LAFAYETTE, La. >> A one-eyed squirrel that gained a social media following is being returned to nature.

The Louisiana Department of Wildlife & Fisheries took Willamina the squirrel from Emily Istre of Lafayette on Thursday, the Acadiana Advocate reported.

Istre created an Instagram account for the squirrel, one—eyed—willa, and posted images of it eating off a plate, snuggling with her or hanging out in an elaborate indoor treehouse. In videos, she sings a lullaby to it and does yoga while the squirrel scampers underneath.

The account gained more than 1,600 followers, but she found that caring for a baby squirrel is exhausting: “It’s like having a toddler on meth,” Istre told the newspaper.

Istre said she started caring for the baby squirrel in mid-March, after her mother found it alone in her backyard, dehydrated and with an infected eye. She tried to contact the state wildlife agency and people who rehabilitate squirrels through a list on the Department of Wildlife & Fisheries website, but with coronavirus restrictions shutting things down, she said she got no response.

So she did online research about how to care for the animal, and things took off from there.

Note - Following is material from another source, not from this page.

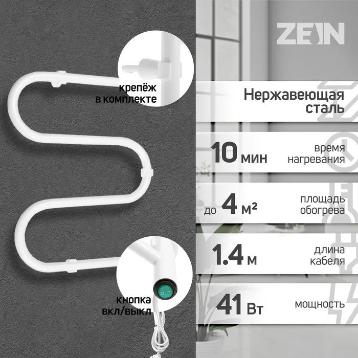 Электрический полотенцесушитель ZEIN PE-02 имеет М-образную форму и размеры 500x500 мм. Он сочетает в себе стильный дизайн и функциональность. Обеспечивает эффективную сушку полотенец.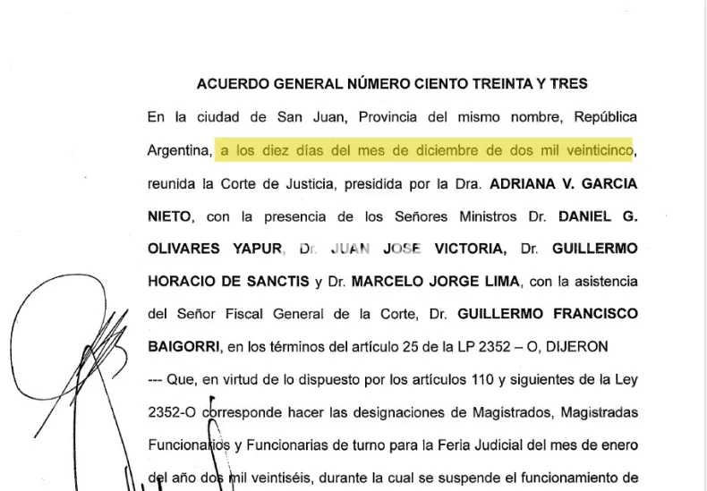 Ese medio tuvo acceso a la Acordada N.º 133, que regula el funcionamiento de la Feria Judicial de enero de 2026, y tiene fecha del 10 de diciembre de 2025.

Melissa Collins, a wildlife biologist and permits coordinator for Louisiana Department of Wildlife & Fisheries, said it is illegal for anybody to rehabilitate wildlife without getting a permit through the agency. Collins said the agency remains in operation during COVID-19 restrictions.

Collins did not comment specifically on Istre’s situation but told the newspaper that people with good intentions often “intervene unnecessarily, removing what appears to be injured/orphaned wildlife” from nature.

In comments on her Instagram account, Istra said Willamina has been placed with a wildlife rehab specialist she described as “a WONDERFUL WOMAN who truly adores animals.” She said the squirrel will be released on a private property with nesting boxes and trail cameras.

Istre said she does not believe in trying to domesticate wild animals, but she believes this situation was unique. She also said caring for a squirrel is nonstop work.

“It takes a lot of patience. She makes a big mess. I’m constantly cleaning. Constantly. I don’t want people to think this is a normal thing or something to aspire to.”